С досады Герман вытащил из кармана пальто роман, захваченный им из дому на случай, если придется бороться со скукой, и настолько погрузился в мирные события так называемой фантастики, что ему в конце концов удалось заглушить в себе внутренний голос.
Когда Герман с немного деланной веселостью спрыгнул с подножки вагона на родном вокзале, он уже был почти такой, как всегда. Вот только в душе остались царапины, как на живописном полотне даже после тщательной реставрации; но он старался заглушить последние остатки непонятного страха перед взрывом вулкана радостным предвкушением рождественских праздников.
Увидев младшего сына, ожидавшего его в конце перрона, Герман изумился. Такие знаки внимания не были приняты в их семье. В штатском — светлое пальто и без шляпы — Ганс показался ему совсем мальчишкой. Он равнодушно поздоровался с отцом, продолжая высматривать кого-то на перроне.

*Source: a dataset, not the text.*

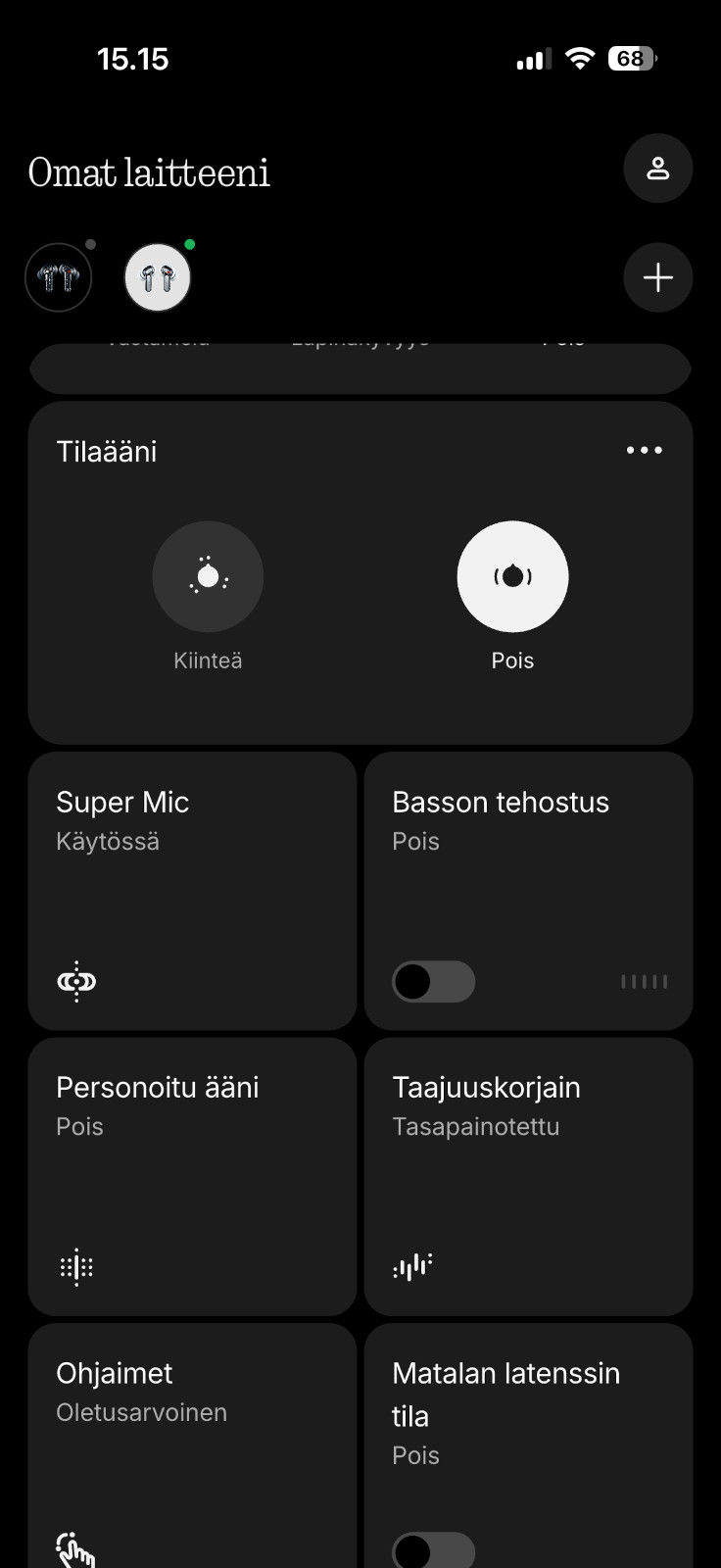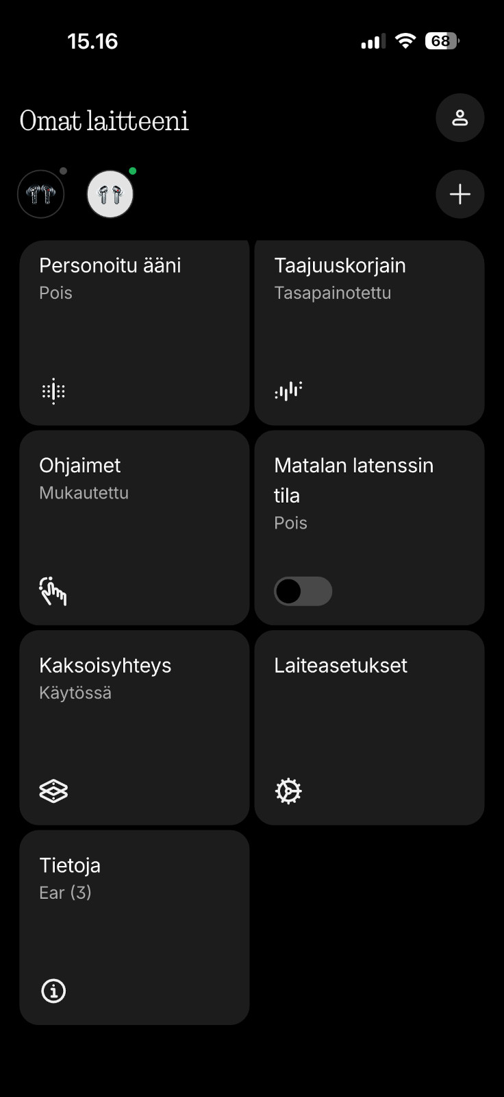 Viime vuoden Earit erottuivat markkinoilta edukseen todella kätevällä tavalla tehdä kuulokkeista neutraalimmat – niiden bassokorostus tuli sovelluksen bassolisä-asetuksesta, joka oli vakiona päällä ja sen poistamalla kuulokkeet soivat luokassaan hyvin tasapainoisesti, joskin omaan makuuni yläpäältään hieman latteasti. Tänä vuonna bassolisäasetus on kuitenkin vakiona pois päältä ja Ear (3):n jättimäinen bassokorostus on osa kuulokkeiden perusäänimaisemaa. Sen myötä siitä takaisin neutraaliin palaaminen vaatiikin taajuuskorjaimen kanssa säätämistä, mikä on väistämättä merkittävä miinus viime vuoden ratkaisuun nähden.

— Мать надеялась, что ты привезешь Кристофа в отпуск, она очень расстроится.
Бледное лицо Ганса обиженно скривилось, когда отец беззаботно рассмеялся.
— Он сразу же попал под арест и сам себе все испортил. А теперь он в наряде, и поскольку он там на очень плохом счету, то боюсь, что его не отпустят даже на Новый год.
Ганс недоверчиво посмотрел на отца.
— Боже мой, — вырвалось у него, — ведь он же не преступник!
— Ты не знаешь армейских порядков, мой мальчик. — Отец опять засмеялся.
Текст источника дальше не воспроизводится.